Abstract
Shallow two-dimensional turbulent wake flows have been studied experimentally on a large water table. In the experiments, the ambient Reynolds number Reh = UaH/ν, in which Ua is the depth-averaged ambient velocity, H the water depth, and ν the kinematic viscosity, is large, well above a lower critical value of the order of 500 for open-channel flows so that the ambient base flow is fully turbulent. Different types of blunt bodies extending over the full depth are inserted in that base flow, including cylinders and flat solid and porous plates oriented transversely to the ambient flow. In all cases, the transverse body dimension D greatly exceeds the water depthy, D/H ≫ 1. With that condition, the wake Reynolds number Red = UaD/ν is very large, greater than 104. The shallow near-wake characteristics of plane wakes from blunt bodies extending over the full water depth have been found to fall into one of three classes: (i) the vortex street (VS) type with an oscillating vortex shedding mechanism, (ii) the unsteady bubble (UB) wake type with flow instabilities growing downstream of a recirculating bubble attached to the body, and (iii) the steady bubble (SB) wake type with an attached bubble followed by a turbulent wake that contains no growing instabilities. When Reh > 1500, the flow classification is uniquely dependent on a shallow wake parameter, S = cfD/H in which cf is a quadratic law friction coefficient. For circular cylindrical bodies the VS-UB transition is characterized by a critical value, Sca ≈ 0.2, and the UB-SB transition by Scc ≈ 0.5. Solid plates, oriented transversely, differ by a factor of 1.25.

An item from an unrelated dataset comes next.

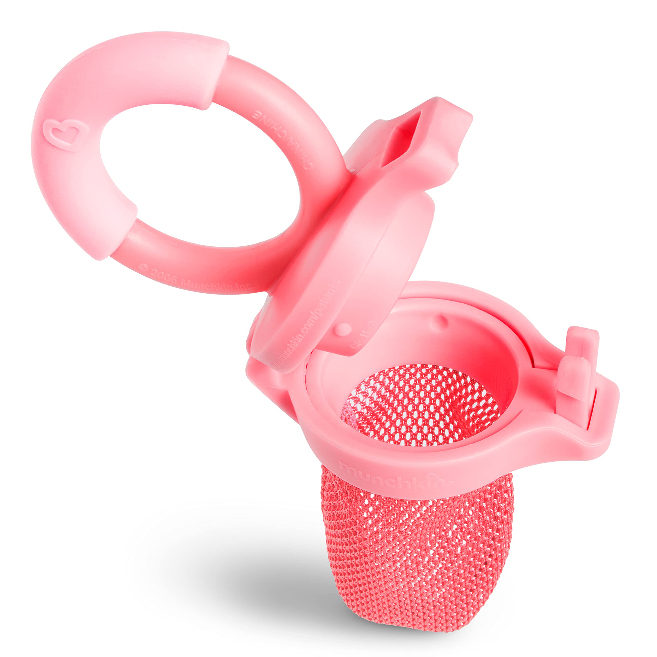 You want what's best for baby, and that means adding fresh fruits, vegetables and purees to the mealtime mix. The Munchkin Fresh Food Feeder allows your little one to enjoy delicious finger foods without giving you cause for concern. With its simple mesh design, this handy teething feeder allows for babies to gnaw on foods safely. Simply place a piece of fruit, vegetable or even meat into the mesh bag and snap it shut. Baby can chew, suck and taste the whole food goodness, with only small, digestible pieces coming through - reducing the risk of choking. It's also a smart alternative to a teething toy. The Fresh Food Feeder features a colorful, easy-grip handle for your little one to hold - making this his first real step toward feeding independence.

The shallow far-wake behavior has been investigated with a special variable porosity wake device that reduces the wake velocity deficit and completely suppresses the VS instabilities in the near-field. Thus, only UB and SB wake types are found in that case. Furthermore, the shallow plane wake is obsserved to "stabilize" for large downstream distances, x/H, in the sense that the growth and maintenance of the large scale structures in the wake flow become suppressed and the wake collapses into a more ordered flow that, however, still contains small scale (of scale H) turbulence. This wake stabilization is controlled by two factors: first, the usual evolution in a turbulent wake that reduces the velocity deficit while increasing the wake parameter S, and secondly, the exponential loss of the momentum deficit flux in the wake due to bottom friction.